TASK BRIEF - An exact restatement is required. Cover only the lines of the records from the first through the line with "Dyrektor wraz z kadrą kierowniczą", and skip pictures.

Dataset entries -
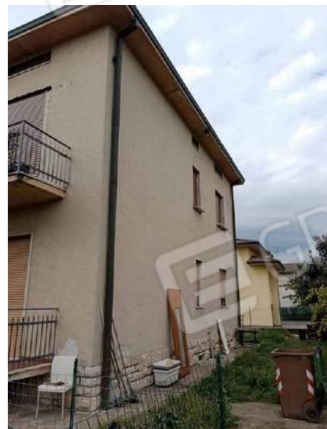
Fig. 08: Prospetto est
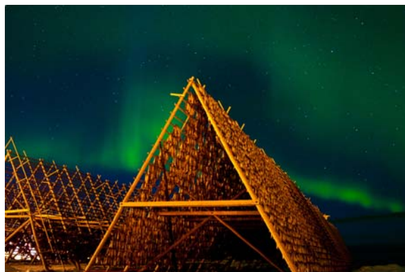
Katedral i nordlys

Det ble igangsatt arbeid med å gjennomgå aktuelle leverandører for flycharter og kvalitetssikring av tilbudene. Samtidig ble det laget planer for videre satsing med produktorganisering, visningsturer og messedeltakelse.
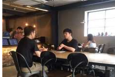
< 교육지원 멘토링 현장사진 >
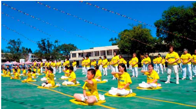
■ 法轮功学员整齐划一样的功法演示

二零零八年十月十八日秋高气爽，台湾桃园县龙潭乡石门国小九十周年的校庆庆典上，法轮
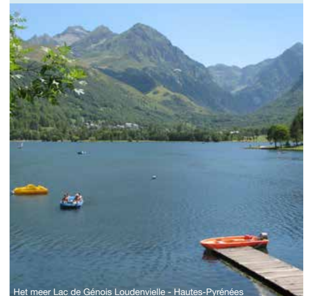
Het meer Lac de Génouïs Loudenvielle - Hautes-Pyrénées

Ook voor een zonnige vakantie op of rond het water zit je hier goed. In vele heldere rivieren en meren kun je lekker baden en spelen met de kinderen. Liever iets actiever? Er zijn tal van watersportmogelijkheden. Ga bijvoorbeeld kanoën, ontdek het raften of duik in de canyons op de grens met Spanje.
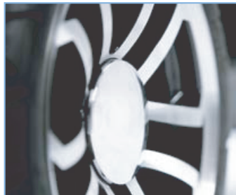
'CUCHILLAS' EN LAS RUEDAS
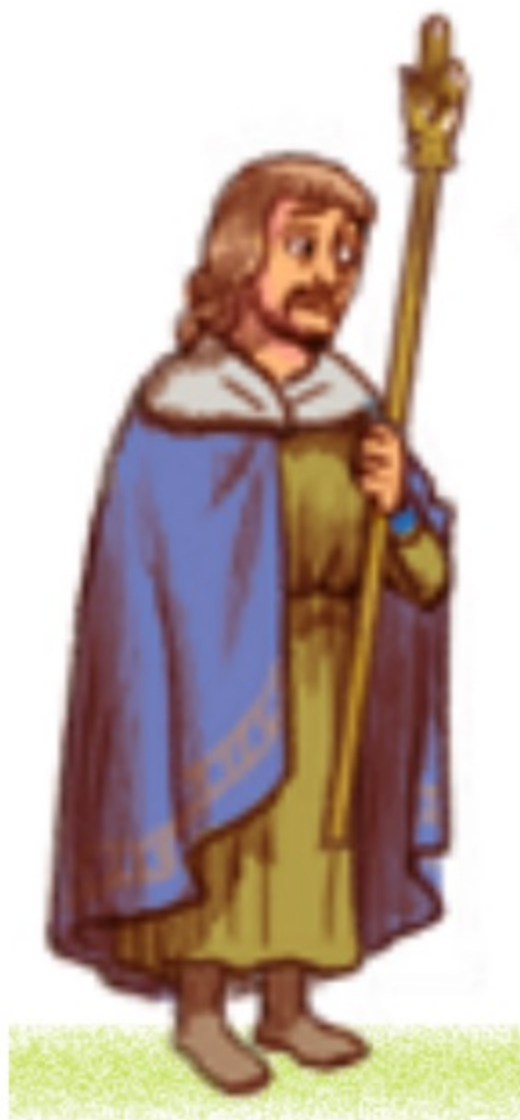
Clovis II 635 - 657
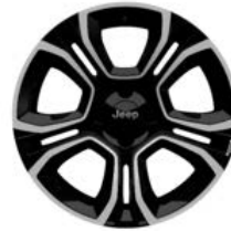
Aluminiowe obręcze kół 18" SUMMIT (standard) ALTITUDE (opcja)
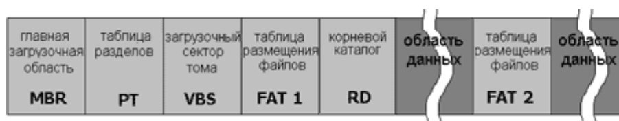
Рис. 2. Структура FAT

Таким образом, схематично FAT можно представить в виде:
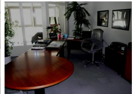
Chefbüro mit Besprechungstisch
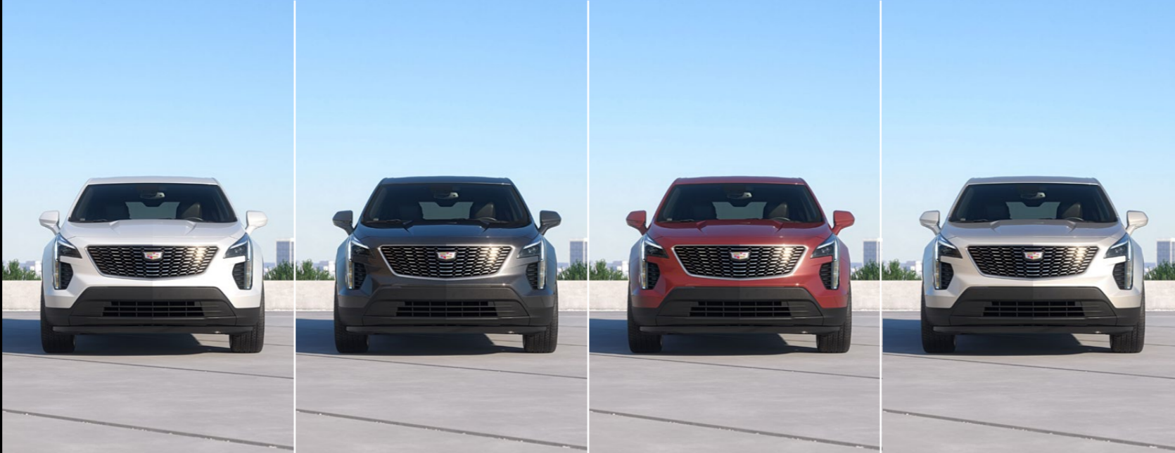
ABALONE WHITE TRICOAT
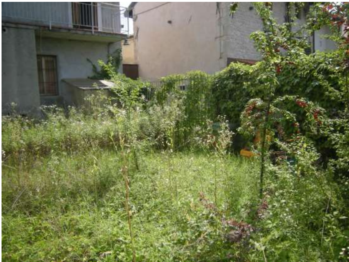
Budoia, via Cardazzo n° 15 - Il prospetto a sud - ovest della casa indipendente e la corte.
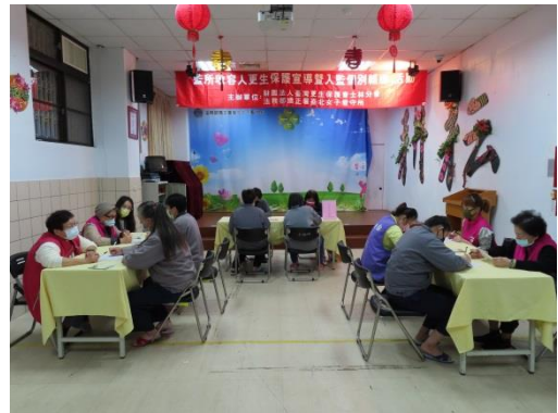
勞工局講師介紹就業資訊
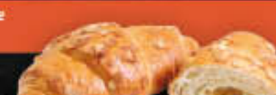
Marzipan-Buttercroissant (Art.-Nr. 4308)

Gewicht = 100 g Einheiten pro Karton = 68 Stück (6,80 kg) Kartons pro Palette = 54 Stück
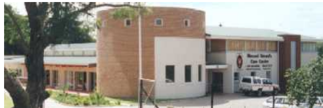
Blessed Gérard Care Center, Mandini,

Nach dem Seligen Gérard Tonque, dem Gründer des Malteserordens
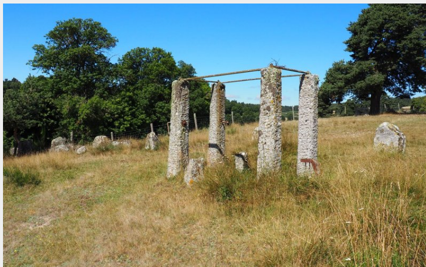
Ferradou (© OTCC Gévaudan Destination)
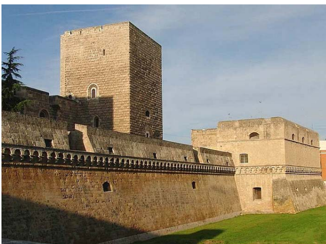
Castello Svevo di Bari (zu Deutsch wörtlich: Schwaben-Schloss) 11. und 12.Jhd.
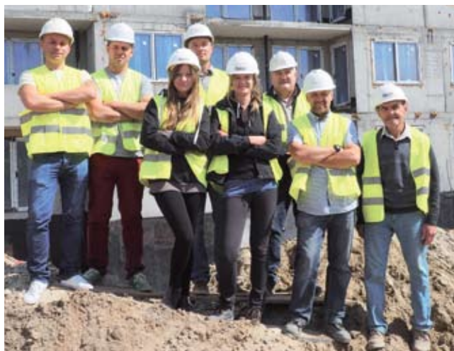
Dyrektor wraz z kadrą kierowniczą

Hartuna Sp. z o.o. dawniej F. U. H „Lemar”, która prowadzi kompleksową działalność usługowo-budowlaną w regionie pomorskim, dziś zatrudnia już 130 osób. Z roku na rok, dzięki szybkiemu rozwojowi przedsiębiorstwa, pracowników przybywało. Od początku istnienia firmy, czyli 2001 roku, jej właściciele stawiali na zatrudnianie fachowców. Dlatego obecnie pracują tam osoby reprezentujące przeróżne zawody: od pracowników administracji, gdzie cała kadra ma wykształcenie wyższe, poprzez inżynierów budownictwa, inżynierów z branży konstrukcyjno - budowlanej, inżynierów sanitarnych, pracowników budowlanych wszystkich branż: hydraulików, spawaczy, elektryków,
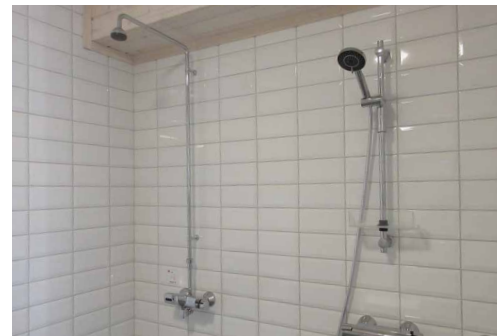
Suihkuhuoneessa on neljä suihkua. ↓

SOLUTION TO THE PROBLEM -
Fig. 08: Prospetto est
Katedral i nordlys

Det ble igangsatt arbeid med å gjennomgå aktuelle leverandører for flycharter og kvalitetssikring av tilbudene. Samtidig ble det laget planer for videre satsing med produktorganisering, visningsturer og messedeltakelse.
< 교육지원 멘토링 현장사진 >
■ 法轮功学员整齐划一样的功法演示

二零零八年十月十八日秋高气爽，台湾桃园县龙潭乡石门国小九十周年的校庆庆典上，法轮
Het meer Lac de Génouïs Loudenvielle - Hautes-Pyrénées

Ook voor een zonnige vakantie op of rond het water zit je hier goed. In vele heldere rivieren en meren kun je lekker baden en spelen met de kinderen. Liever iets actiever? Er zijn tal van watersportmogelijkheden. Ga bijvoorbeeld kanoën, ontdek het raften of duik in de canyons op de grens met Spanje.
'CUCHILLAS' EN LAS RUEDAS
Clovis II 635 - 657
Aluminiowe obręcze kół 18" SUMMIT (standard) ALTITUDE (opcja)
Рис. 2. Структура FAT

Таким образом, схематично FAT можно представить в виде:
Chefbüro mit Besprechungstisch
ABALONE WHITE TRICOAT
Budoia, via Cardazzo n° 15 - Il prospetto a sud - ovest della casa indipendente e la corte.
勞工局講師介紹就業資訊
Marzipan-Buttercroissant (Art.-Nr. 4308)

Gewicht = 100 g Einheiten pro Karton = 68 Stück (6,80 kg) Kartons pro Palette = 54 Stück
Blessed Gérard Care Center, Mandini,

Nach dem Seligen Gérard Tonque, dem Gründer des Malteserordens
Ferradou (© OTCC Gévaudan Destination)
Castello Svevo di Bari (zu Deutsch wörtlich: Schwaben-Schloss) 11. und 12.Jhd.
Dyrektor wraz z kadrą kierowniczą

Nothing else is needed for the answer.